Upaya PERSEGI untuk kembali menarik perhatian kita terhadap
gambar memang bermanfaat. Apa yang disebut seni murni, bagi saya
hanya upaya untuk menajamkan indera kita dalam menangkap
keindahan yang terdapat dalam apa saja. Sebab karya seni murni
memang sesuatu yang kita lihat sebagai hal yang telah tanggal
guna-praktisnya. Gambar, ilustrasi, poster, reklame, adalah
karya-karya yang lahir karena pesanan sesuatu di luar seni rupa.

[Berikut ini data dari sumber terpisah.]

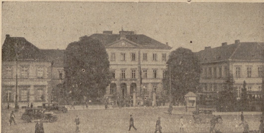
Stata Blindul-Instituto en Varsovio, kie okazos la XIV Kongreso de Blindaj Esperantistoj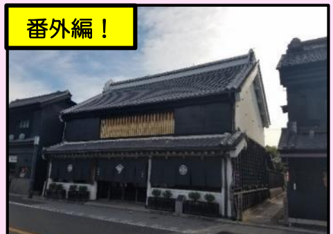
番外編！ コ 川越に蔵造りの建物が増えるきっかけとなった「大沢家住宅」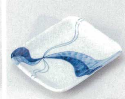
224-21-70B 670円 きよみず5.5長角皿 120入 15.7×12.5cm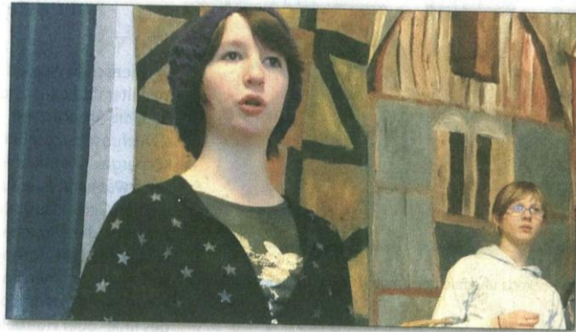
Den Jugendbuchklassiker „Prinz und Bettelknabe“ bringen die Achtklässler der Rudolf-Steiner-Schule am Wochenende auf die Bühne.

Aufführungstermine sind am Freitag, 19. Februar, um 20 Uhr, am Samstag (20.) um 16 Uhr, am Sonntag (21.) um 16 Uhr. Das Stück wird im kleinen Festsaal der Rudolf Steiner Schule, Hauptstraße 238, aufgeführt. Der Eintritt ist frei.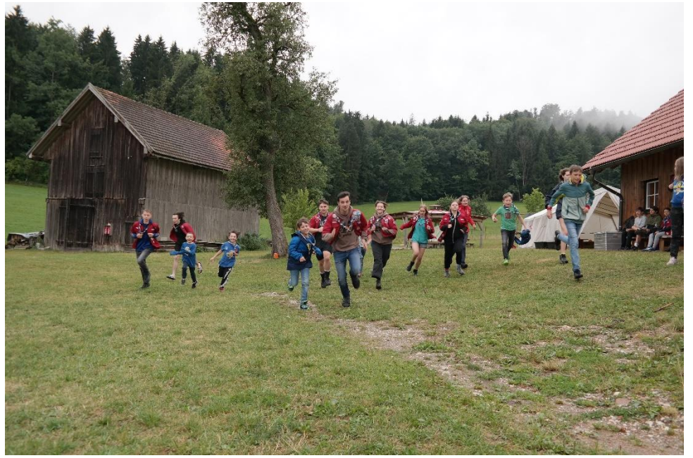
Das Morgenspiel "Alle Mann"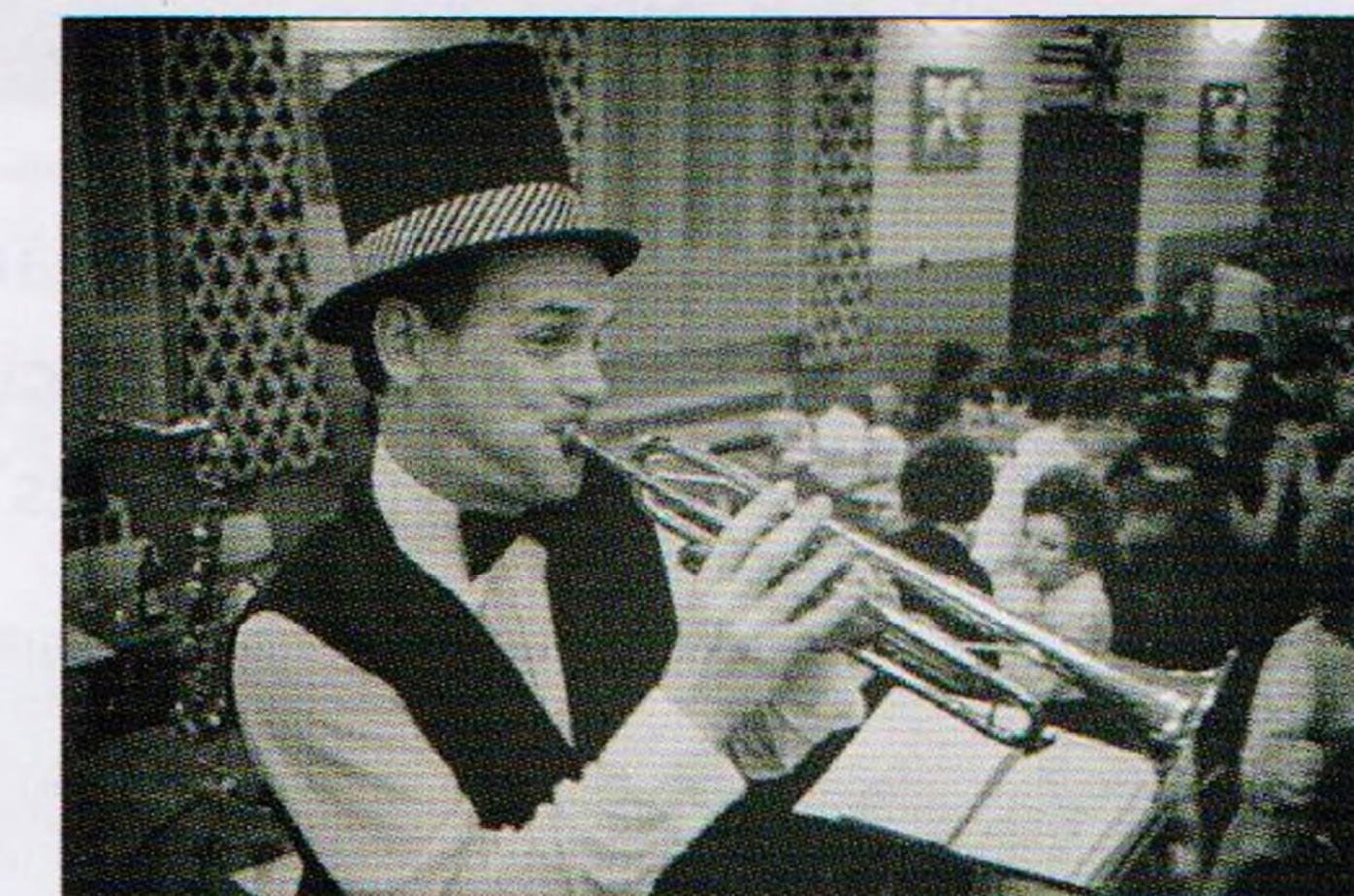
archiv Karla Pičmana

Do okolí vesnice Gořešova se vydáme obhlédnout třeba přírodní památku Ďáblův kyj či Trpasličí skály

Tapi ternyata, perkembangan seni rupa toh sampai juga pada
karya-karya yang susah atau tak ada manfaatnya dipersoalkan: apa
termasuk gambar, lukisan, grafis, poster atau reklame. Seni rupa
pada hakikatnya hanya merupakan upaya manusia mengatur segala
sesuatu agar indah, enak dan bermanfaat bagi -- terutama --
mata. Agar dunia yang kita diami tetap membuat kita betah. Dan
Pameran PERSEGI pertama ini telah berhasil memberikan itu.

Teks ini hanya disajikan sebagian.